§ **Source records**:
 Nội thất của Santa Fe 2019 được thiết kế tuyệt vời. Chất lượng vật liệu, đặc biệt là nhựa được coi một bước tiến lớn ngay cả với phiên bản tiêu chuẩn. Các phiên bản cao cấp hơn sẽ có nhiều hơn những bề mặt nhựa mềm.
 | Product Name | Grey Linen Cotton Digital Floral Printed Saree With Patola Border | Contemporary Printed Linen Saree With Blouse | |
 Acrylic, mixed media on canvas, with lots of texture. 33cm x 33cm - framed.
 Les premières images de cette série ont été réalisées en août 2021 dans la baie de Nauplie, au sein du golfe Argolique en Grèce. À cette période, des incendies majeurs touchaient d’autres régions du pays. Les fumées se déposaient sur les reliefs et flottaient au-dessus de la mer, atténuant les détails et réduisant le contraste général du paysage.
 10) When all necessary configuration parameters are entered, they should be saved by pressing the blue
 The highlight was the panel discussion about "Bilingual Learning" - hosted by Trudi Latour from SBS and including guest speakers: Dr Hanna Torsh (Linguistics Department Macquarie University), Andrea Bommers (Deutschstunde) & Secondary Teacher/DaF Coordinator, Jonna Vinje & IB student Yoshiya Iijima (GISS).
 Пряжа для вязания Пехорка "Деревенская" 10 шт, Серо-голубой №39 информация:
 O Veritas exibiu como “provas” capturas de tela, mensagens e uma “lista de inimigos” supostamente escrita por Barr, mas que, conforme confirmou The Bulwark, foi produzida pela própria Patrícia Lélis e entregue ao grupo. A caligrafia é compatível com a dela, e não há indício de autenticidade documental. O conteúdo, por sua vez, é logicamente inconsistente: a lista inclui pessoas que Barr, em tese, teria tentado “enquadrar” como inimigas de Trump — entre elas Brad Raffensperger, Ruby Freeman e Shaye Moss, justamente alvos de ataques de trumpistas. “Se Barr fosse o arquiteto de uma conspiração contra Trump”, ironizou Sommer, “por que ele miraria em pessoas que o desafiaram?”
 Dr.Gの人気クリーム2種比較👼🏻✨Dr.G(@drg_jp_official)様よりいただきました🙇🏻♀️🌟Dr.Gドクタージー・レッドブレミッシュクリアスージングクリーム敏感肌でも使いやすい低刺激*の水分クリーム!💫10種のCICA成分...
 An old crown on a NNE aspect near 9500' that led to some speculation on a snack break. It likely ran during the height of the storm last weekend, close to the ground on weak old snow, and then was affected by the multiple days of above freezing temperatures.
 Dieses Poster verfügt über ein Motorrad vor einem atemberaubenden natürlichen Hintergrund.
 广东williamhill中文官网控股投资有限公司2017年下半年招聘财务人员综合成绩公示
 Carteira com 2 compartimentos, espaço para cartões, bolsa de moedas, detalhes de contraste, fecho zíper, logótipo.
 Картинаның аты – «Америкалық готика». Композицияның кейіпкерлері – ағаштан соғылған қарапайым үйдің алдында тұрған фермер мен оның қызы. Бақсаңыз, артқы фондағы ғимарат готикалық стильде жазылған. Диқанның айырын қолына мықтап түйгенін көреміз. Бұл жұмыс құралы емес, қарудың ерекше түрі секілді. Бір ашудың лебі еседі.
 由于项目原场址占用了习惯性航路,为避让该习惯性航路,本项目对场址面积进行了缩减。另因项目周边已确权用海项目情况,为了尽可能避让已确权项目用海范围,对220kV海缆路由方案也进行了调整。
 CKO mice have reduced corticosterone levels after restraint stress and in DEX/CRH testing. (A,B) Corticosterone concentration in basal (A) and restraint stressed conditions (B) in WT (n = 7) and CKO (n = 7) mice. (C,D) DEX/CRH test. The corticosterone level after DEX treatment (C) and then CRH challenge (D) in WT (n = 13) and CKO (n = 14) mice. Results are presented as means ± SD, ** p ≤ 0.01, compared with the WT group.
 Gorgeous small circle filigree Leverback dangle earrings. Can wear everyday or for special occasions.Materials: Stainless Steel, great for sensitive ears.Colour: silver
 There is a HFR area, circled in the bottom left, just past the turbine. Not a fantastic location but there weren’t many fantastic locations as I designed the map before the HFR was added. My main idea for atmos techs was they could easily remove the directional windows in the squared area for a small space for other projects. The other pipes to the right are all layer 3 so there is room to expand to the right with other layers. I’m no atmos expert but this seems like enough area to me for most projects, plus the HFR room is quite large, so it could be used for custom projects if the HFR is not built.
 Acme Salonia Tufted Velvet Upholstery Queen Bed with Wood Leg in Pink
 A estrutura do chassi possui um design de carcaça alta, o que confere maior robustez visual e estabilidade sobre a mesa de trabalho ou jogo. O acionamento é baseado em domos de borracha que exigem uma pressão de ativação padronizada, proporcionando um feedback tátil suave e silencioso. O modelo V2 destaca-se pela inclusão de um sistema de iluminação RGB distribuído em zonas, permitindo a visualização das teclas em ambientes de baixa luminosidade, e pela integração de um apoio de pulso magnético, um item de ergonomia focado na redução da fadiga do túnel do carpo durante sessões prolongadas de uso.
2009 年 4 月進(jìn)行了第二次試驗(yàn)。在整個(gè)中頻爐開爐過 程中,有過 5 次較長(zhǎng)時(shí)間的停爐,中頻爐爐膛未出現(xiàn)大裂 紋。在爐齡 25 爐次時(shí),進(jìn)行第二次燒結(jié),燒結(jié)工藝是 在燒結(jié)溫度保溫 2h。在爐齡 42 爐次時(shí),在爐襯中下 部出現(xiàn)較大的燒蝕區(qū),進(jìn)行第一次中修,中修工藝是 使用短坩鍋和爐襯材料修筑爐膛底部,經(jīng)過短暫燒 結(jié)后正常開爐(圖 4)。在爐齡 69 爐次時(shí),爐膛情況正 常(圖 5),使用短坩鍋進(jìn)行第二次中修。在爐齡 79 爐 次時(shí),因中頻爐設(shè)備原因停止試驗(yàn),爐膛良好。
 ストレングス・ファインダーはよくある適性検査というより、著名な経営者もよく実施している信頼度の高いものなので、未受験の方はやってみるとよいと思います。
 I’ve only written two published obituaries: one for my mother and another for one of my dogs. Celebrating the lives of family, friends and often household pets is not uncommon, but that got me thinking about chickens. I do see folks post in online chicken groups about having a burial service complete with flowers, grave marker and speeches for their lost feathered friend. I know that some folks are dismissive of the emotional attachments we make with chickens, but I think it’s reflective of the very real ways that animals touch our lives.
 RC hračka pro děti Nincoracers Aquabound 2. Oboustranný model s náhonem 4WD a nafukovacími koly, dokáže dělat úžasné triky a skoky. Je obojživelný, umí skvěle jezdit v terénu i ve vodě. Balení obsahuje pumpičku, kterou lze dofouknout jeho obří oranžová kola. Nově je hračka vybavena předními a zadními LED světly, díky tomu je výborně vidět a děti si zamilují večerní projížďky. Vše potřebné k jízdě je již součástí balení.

§ **Exercise brief**: What you return must match the data line for line.

§ **Solution for this problem**:
 Nội thất của Santa Fe 2019 được thiết kế tuyệt vời. Chất lượng vật liệu, đặc biệt là nhựa được coi một bước tiến lớn ngay cả với phiên bản tiêu chuẩn. Các phiên bản cao cấp hơn sẽ có nhiều hơn những bề mặt nhựa mềm.
 | Product Name | Grey Linen Cotton Digital Floral Printed Saree With Patola Border | Contemporary Printed Linen Saree With Blouse | |
 Acrylic, mixed media on canvas, with lots of texture. 33cm x 33cm - framed.
 Les premières images de cette série ont été réalisées en août 2021 dans la baie de Nauplie, au sein du golfe Argolique en Grèce. À cette période, des incendies majeurs touchaient d’autres régions du pays. Les fumées se déposaient sur les reliefs et flottaient au-dessus de la mer, atténuant les détails et réduisant le contraste général du paysage.
 10) When all necessary configuration parameters are entered, they should be saved by pressing the blue
 The highlight was the panel discussion about "Bilingual Learning" - hosted by Trudi Latour from SBS and including guest speakers: Dr Hanna Torsh (Linguistics Department Macquarie University), Andrea Bommers (Deutschstunde) & Secondary Teacher/DaF Coordinator, Jonna Vinje & IB student Yoshiya Iijima (GISS).
 Пряжа для вязания Пехорка "Деревенская" 10 шт, Серо-голубой №39 информация:
 O Veritas exibiu como “provas” capturas de tela, mensagens e uma “lista de inimigos” supostamente escrita por Barr, mas que, conforme confirmou The Bulwark, foi produzida pela própria Patrícia Lélis e entregue ao grupo. A caligrafia é compatível com a dela, e não há indício de autenticidade documental. O conteúdo, por sua vez, é logicamente inconsistente: a lista inclui pessoas que Barr, em tese, teria tentado “enquadrar” como inimigas de Trump — entre elas Brad Raffensperger, Ruby Freeman e Shaye Moss, justamente alvos de ataques de trumpistas. “Se Barr fosse o arquiteto de uma conspiração contra Trump”, ironizou Sommer, “por que ele miraria em pessoas que o desafiaram?”
 Dr.Gの人気クリーム2種比較👼🏻✨Dr.G(@drg_jp_official)様よりいただきました🙇🏻♀️🌟Dr.Gドクタージー・レッドブレミッシュクリアスージングクリーム敏感肌でも使いやすい低刺激*の水分クリーム!💫10種のCICA成分...
 An old crown on a NNE aspect near 9500' that led to some speculation on a snack break. It likely ran during the height of the storm last weekend, close to the ground on weak old snow, and then was affected by the multiple days of above freezing temperatures.
 Dieses Poster verfügt über ein Motorrad vor einem atemberaubenden natürlichen Hintergrund.
 广东williamhill中文官网控股投资有限公司2017年下半年招聘财务人员综合成绩公示
 Carteira com 2 compartimentos, espaço para cartões, bolsa de moedas, detalhes de contraste, fecho zíper, logótipo.
 Картинаның аты – «Америкалық готика». Композицияның кейіпкерлері – ағаштан соғылған қарапайым үйдің алдында тұрған фермер мен оның қызы. Бақсаңыз, артқы фондағы ғимарат готикалық стильде жазылған. Диқанның айырын қолына мықтап түйгенін көреміз. Бұл жұмыс құралы емес, қарудың ерекше түрі секілді. Бір ашудың лебі еседі.
 由于项目原场址占用了习惯性航路,为避让该习惯性航路,本项目对场址面积进行了缩减。另因项目周边已确权用海项目情况,为了尽可能避让已确权项目用海范围,对220kV海缆路由方案也进行了调整。
 CKO mice have reduced corticosterone levels after restraint stress and in DEX/CRH testing. (A,B) Corticosterone concentration in basal (A) and restraint stressed conditions (B) in WT (n = 7) and CKO (n = 7) mice. (C,D) DEX/CRH test. The corticosterone level after DEX treatment (C) and then CRH challenge (D) in WT (n = 13) and CKO (n = 14) mice. Results are presented as means ± SD, ** p ≤ 0.01, compared with the WT group.
 Gorgeous small circle filigree Leverback dangle earrings. Can wear everyday or for special occasions.Materials: Stainless Steel, great for sensitive ears.Colour: silver
 There is a HFR area, circled in the bottom left, just past the turbine. Not a fantastic location but there weren’t many fantastic locations as I designed the map before the HFR was added. My main idea for atmos techs was they could easily remove the directional windows in the squared area for a small space for other projects. The other pipes to the right are all layer 3 so there is room to expand to the right with other layers. I’m no atmos expert but this seems like enough area to me for most projects, plus the HFR room is quite large, so it could be used for custom projects if the HFR is not built.
 Acme Salonia Tufted Velvet Upholstery Queen Bed with Wood Leg in Pink
 A estrutura do chassi possui um design de carcaça alta, o que confere maior robustez visual e estabilidade sobre a mesa de trabalho ou jogo. O acionamento é baseado em domos de borracha que exigem uma pressão de ativação padronizada, proporcionando um feedback tátil suave e silencioso. O modelo V2 destaca-se pela inclusão de um sistema de iluminação RGB distribuído em zonas, permitindo a visualização das teclas em ambientes de baixa luminosidade, e pela integração de um apoio de pulso magnético, um item de ergonomia focado na redução da fadiga do túnel do carpo durante sessões prolongadas de uso.
2009 年 4 月進(jìn)行了第二次試驗(yàn)。在整個(gè)中頻爐開爐過 程中,有過 5 次較長(zhǎng)時(shí)間的停爐,中頻爐爐膛未出現(xiàn)大裂 紋。在爐齡 25 爐次時(shí),進(jìn)行第二次燒結(jié),燒結(jié)工藝是 在燒結(jié)溫度保溫 2h。在爐齡 42 爐次時(shí),在爐襯中下 部出現(xiàn)較大的燒蝕區(qū),進(jìn)行第一次中修,中修工藝是 使用短坩鍋和爐襯材料修筑爐膛底部,經(jīng)過短暫燒 結(jié)后正常開爐(圖 4)。在爐齡 69 爐次時(shí),爐膛情況正 常(圖 5),使用短坩鍋進(jìn)行第二次中修。在爐齡 79 爐 次時(shí),因中頻爐設(shè)備原因停止試驗(yàn),爐膛良好。
 ストレングス・ファインダーはよくある適性検査というより、著名な経営者もよく実施している信頼度の高いものなので、未受験の方はやってみるとよいと思います。
 I’ve only written two published obituaries: one for my mother and another for one of my dogs. Celebrating the lives of family, friends and often household pets is not uncommon, but that got me thinking about chickens. I do see folks post in online chicken groups about having a burial service complete with flowers, grave marker and speeches for their lost feathered friend. I know that some folks are dismissive of the emotional attachments we make with chickens, but I think it’s reflective of the very real ways that animals touch our lives.
 RC hračka pro děti Nincoracers Aquabound 2. Oboustranný model s náhonem 4WD a nafukovacími koly, dokáže dělat úžasné triky a skoky. Je obojživelný, umí skvěle jezdit v terénu i ve vodě. Balení obsahuje pumpičku, kterou lze dofouknout jeho obří oranžová kola. Nově je hračka vybavena předními a zadními LED světly, díky tomu je výborně vidět a děti si zamilují večerní projížďky. Vše potřebné k jízdě je již součástí balení.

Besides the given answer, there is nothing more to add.